La Kabbalah consiste nella conoscenza dell’Universo sviluppata dagli Ebrei a partire dai testi biblici. Secondo questo modello di conoscenza, tutta la creazione è riconducibile agli archetipi rappresentati dalle lettere e dai numeri corrispondenti nell’alfabeto ebraico, perché le regole che governano la creazione e la vita nel mondo sono le stesse su cui sono fondate le lingue che usiamo per esprimere il nostro pensiero e comunicare fra di noi. Cioè la nascita delle lingue è dovuta alle medesime leggi che hanno permesso la progressiva condensazione dell’energia creativa in materia concreta.
Basta pensare che il nostro linguaggio dipende dal nostro DNA per intuire quanto affermato sopra.
Le lettere dell’alfabeto ebraico rappresentano gli archetipi fondamentali della creazione. Questi possono essere considerati come idee elementari, esprimenti le funzioni che stanno alla base della vita, che divengono idee complesse o concetti quando formano le parole e, tramite le regole della grammatica, le frasi.
In altre parole la creazione della vita avviene tramite degli strumenti che, sul piano grafico e sonoro, si esprimono nelle 22 lettere dell’alfabeto.
Nelle parole esse si comportano come le molecole che si legano per dare vita a composti chimici. In questo modo si formano dei concetti semplici. Tramite le regole grammaticali, parallele alle leggi della mente universale, questi si legano per dare vita a espressioni concettuali più vaste.
Il P-greco (3,14) e la Creazione
In matematica il numero detto P-greco, che vale approssimativamente 3,14, è quello che permette la misurazione della circonferenza e il calcolo dell’area del cerchio.
Secondo la teoria ebraica dello TSIMTSUM il Creatore, ritirandosi, lascia un vuoto. Questo vuoto ha una forza che mantiene l’infinito alla periferia dello spazio svuotato. Tutto ciò è rappresentato da un cerchio e dal raggio che mantiene il vuoto attorno al centro.
Il P-greco è, perciò, un numero trascendente che ha un numero infinito di decimali.
Si può trovare questo numero anche in un altro rapporto.
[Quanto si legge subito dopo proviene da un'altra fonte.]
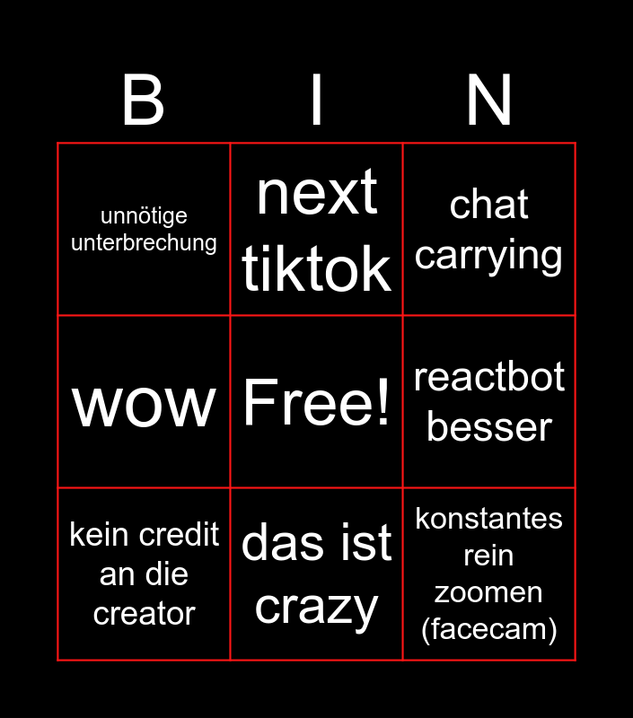 This bingo card has a free space and 8 words: reactbot besser, chat carrying, next tiktok, kein credit an die creator, unnötige unterbrechung, konstantes rein zoomen (facecam), wow and das ist crazy.

Le lettere dell’alfabeto ebraico sono 22. Il numero 7 rappresenta lo scorrere del tempo, che nella Bibbia è misurato in settimane.
Il P-greco corrisponde, in modo approssimato, al rapporto:
22:7= 3,14
Cioè al rapporto fra gli archetipi fondamentali della creazione e il numero che esprime il tempo.
Si dovrà innanzitutto riconoscere, allevare e nutrire quell’essere che è in noi, perché, come disse Louis Claude de Saint Martin: il fine dell’uomo è di conoscere il mondo, non per utilizzarlo, ma per sostenervi la sua parte.
Tutte le gnosi, nelle civiltà tradizionali, sono tavole di corrispondenza tra Dio, l’uomo e l’Universo.